Over 200 hand stencils were created. Various pigments were used from nature including iron oxide to create red and purple and manganese oxide to create black. White pigment was made from kaolin and natrojarasite for yellow.

Also at La Cueva de las Manos over 150 petroglyphs were found of animals including horses, bison, ibexes, and mammoths appear on the cave walls.

Mesolithic Sculpture

Artists during the Mesolithic period favored relief sculptures. A smaller number of small stone sculptures were found. Trees were plentiful after the Ice Age and sculpture were also carved from wood.

Ceramic Art

Japanese Ceramic art from the Jomon culture of the 11th millennium BCE is most notable for the decorative patterned elements impressed into wet clay using sticks. Chinese pottery was embossed with stamps.

What is Megalithic Art?

Megalithic art was first developed during the Mesolithic period and hit its peak during the Neolithic period. It was created with large heavy stones that signified a sense of permanence.

In rock art terms one stone is called a menhir. This was often carved with patterns or pictures. Grouped together they form an assemblage. Stones were also used to build architectural spaces.

Gobeki Tepe (9500-7500 BCE) a monumental complex in Sanliurfa, in Southeastern Turkey, used megaliths to design shrines. The surrounding contains numerous reliefs of local animals.

Neolithic Period/New Stone Age – 8,000 BCE–3,000 BCE

The nomadic lifestyle ended and was replaced with agrarian communities.

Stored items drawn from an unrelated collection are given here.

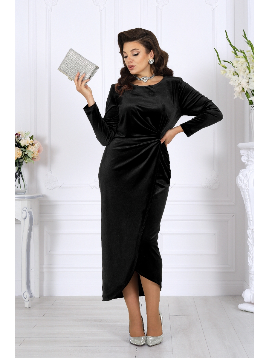 Платье женское прилегающего силуэта, выполнено из трикотажного полотна «велюр». Модель асимметричная, без подкладки, с плечевыми накладками. Перед платья состоит из двух частей перекрученных между собой по линии талии и скрепленных за запах. Перекрут деталей переда образует драпировку. На спинке расположены талиевые вытачки, в среднем шве – застежка на тесьму-«молнию» (50 см). Горловина округлой формы, углубленная спереди. Рукав длинный, втачной. Длина платья – 132 см, длина рукава – 57 см.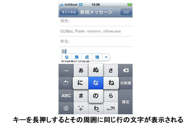 テンキーで日本語入力する際には、例えば、一般的なケータイと同じように「な」を3回タップすると「ぬ」が入力できる。また、キーを長押しすると、その周囲に同じ行の文字が表示されるので、その状態で指をスライドさせることでも文字入力できる。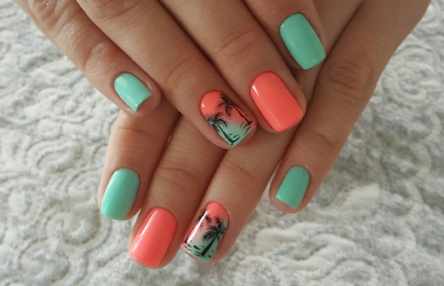 Не хочется делать однотонный дизайн с рисунком пальмы? Тогда выбирайте сочетание цветов. Начать стоит именно с подбора оттенков — для базы и рисунка. Лак можно сочетать как близкий по тону, так и выбрать контрастное сочетание. В любом случае дизайн с пальмами будет смотреться здорово. Кстати, вы можете рисовать на ноготках не целые деревья, а просто ветки.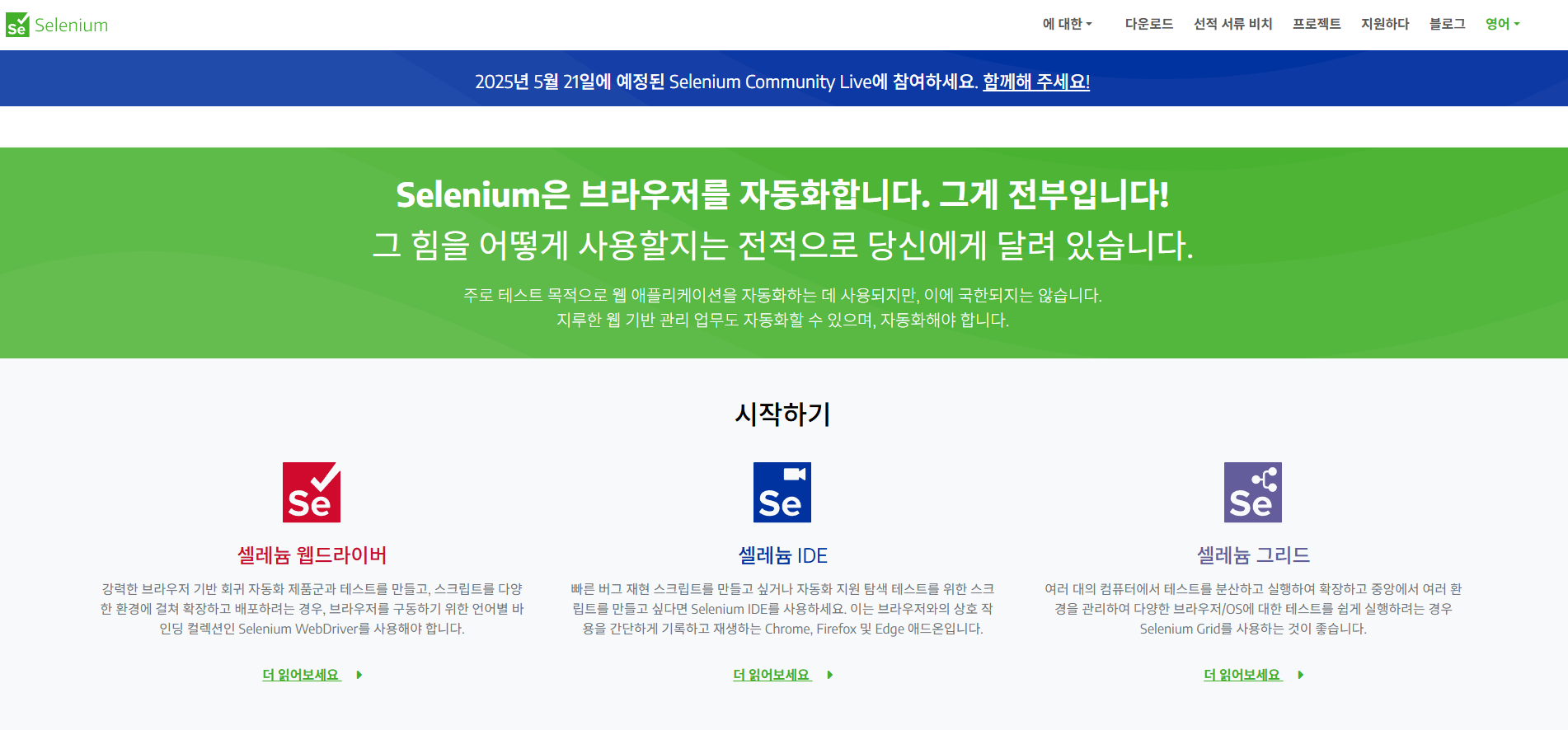 최소 자바 버전 17 이상이고 https://www.selenium.dev/downloads/ 이 주소에서 다운로드 가능하다. 자바 말고도 C#, Ruby, Python, JavaScript를 지원한다.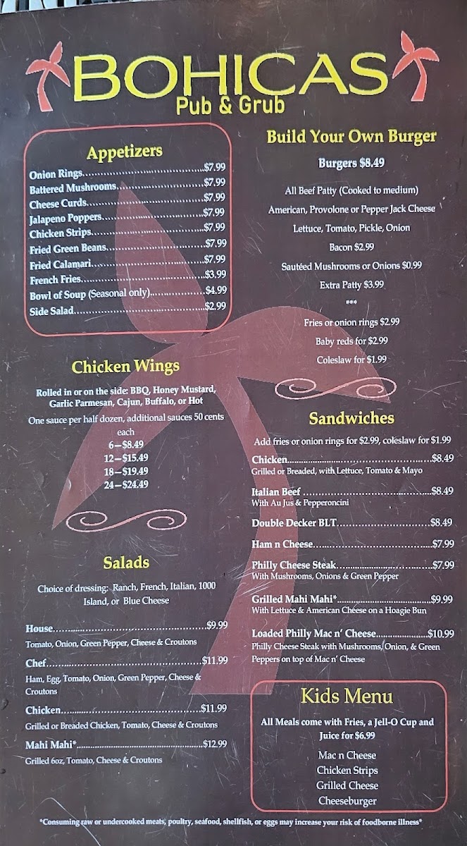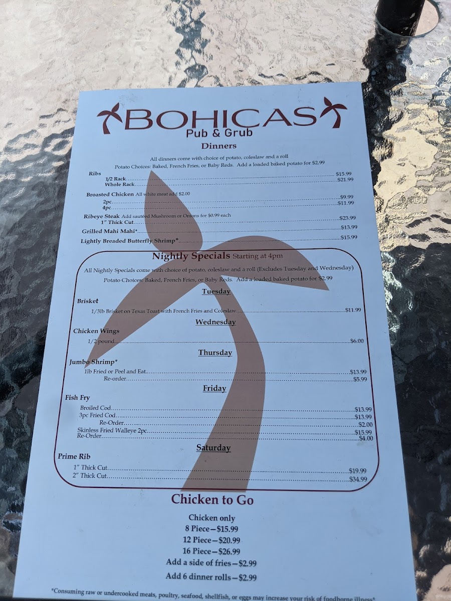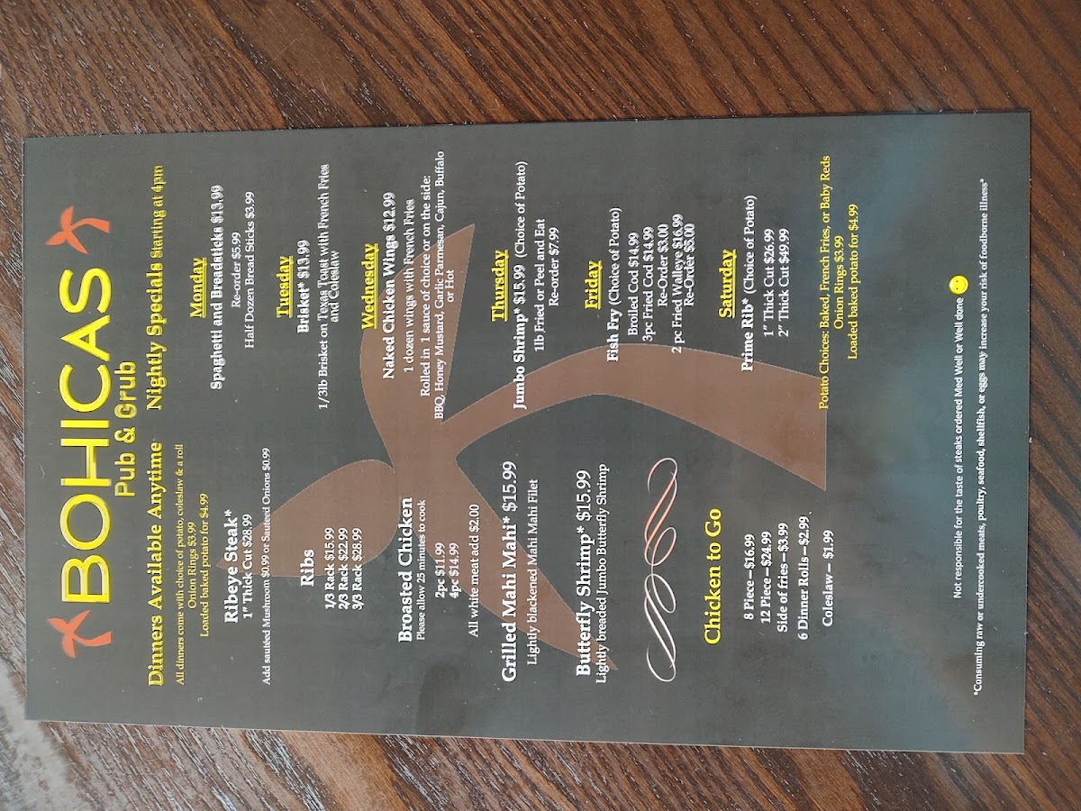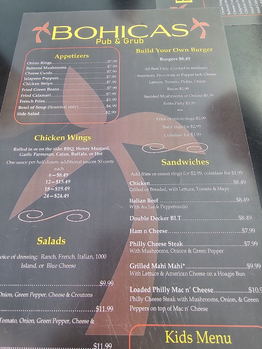 There’s a laid-back charm that makes Bohicas Pub And Grub Menu feel like the kind of spot you could spend hours without even realizing it. Tucked along 202 S Main St in Necedah, this cozy pub brings together comfort food and friendly energy in equal measure. You’ll find all the pub classics you crave - juicy burgers stacked tall, crispy wings with sauces that range from mild to daring, and hearty sandwiches built to satisfy any appetite. The fries come golden and crisp, perfect alongside a cold drink from the bar. There’s something about the atmosphere here that invites you to unwind, whether you’re catching a game, meeting friends, or just craving a casual bite after work. It’s the kind of menu that feels familiar yet full of little surprises that keep you coming back for more.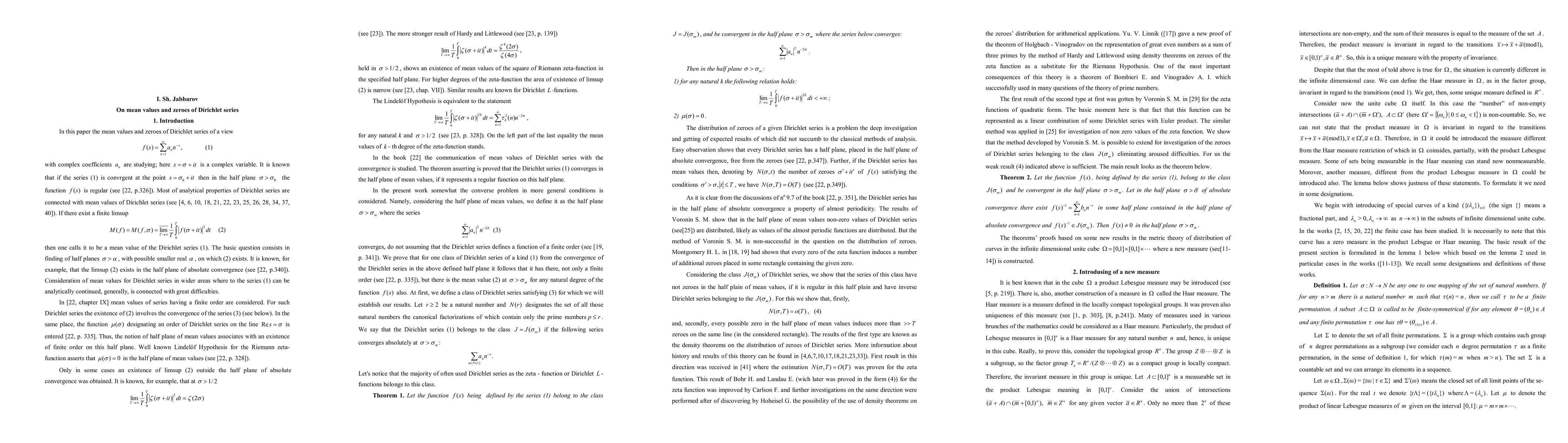 In this paper we study the mean values and zeroes of Dirichlet series of a view $\sum_{n}a_n n^{-s}$ with complex coefficients. There was introduced some class of Dirichlet series including such widely used series as the Riemann zeta-function, Dirichlet L-functions and ets. A new point of view is introduced in defining of a half plane of mean values. It was proven that in the half plane of mean values any natural degree of the series of an inroduced class, being regular in this half plane,has a mean value. In particular, the analog of Lindel\"of Hypothesis is true. If, in addition, the Dirichlet series f(s) belongs to this class with the function f(s)^{-1} then the half plane of mean values was proved to be free from the zeroes.

Societies were more sophisticated. Cereal grains were cultivated. Tools were constructed for plowing and tilling. Animals became domesticated.

During this time the first homes were constructed. Utilitarian objects were painted. Weaving of cloth fabrics was more developed as craftmanship of art progressed. People adorned themselves with jewelry.

Cities began to grow, while laws were implemented, and religion was practiced.

During the Neolithic period congs began to appear in the Jiangsu province of China, as part of the Liangzhu culture. The long tube with a wide whole in the center often has carvings on the side.

Only the elite could afford works in jade. Although found in tombs, art historians are still not sure what the purpose of the cong was.

The Building of Stonehenge

Stonehenge is a sandstone prehistoric European assemblage that was constructed between 3,000- 1,600 BCE. It stands alone on a large plain in Wiltshire, England, in the United Kingdom. The stones, measuring 30 feet tall were assembled in in a circular formation, the diameter of which measures 320 feet. While the sandstone is local, the inner blue stones are from Wales, over 200 miles away.

The earliest-known realistic painting of Stonehenge, drawn on site with watercolors by Lucas de Heere between 1573 and 1575.
The earliest-known realistic painting of Stonehenge, drawn on site with watercolors by Lucas de Heere between 1573 and 1575.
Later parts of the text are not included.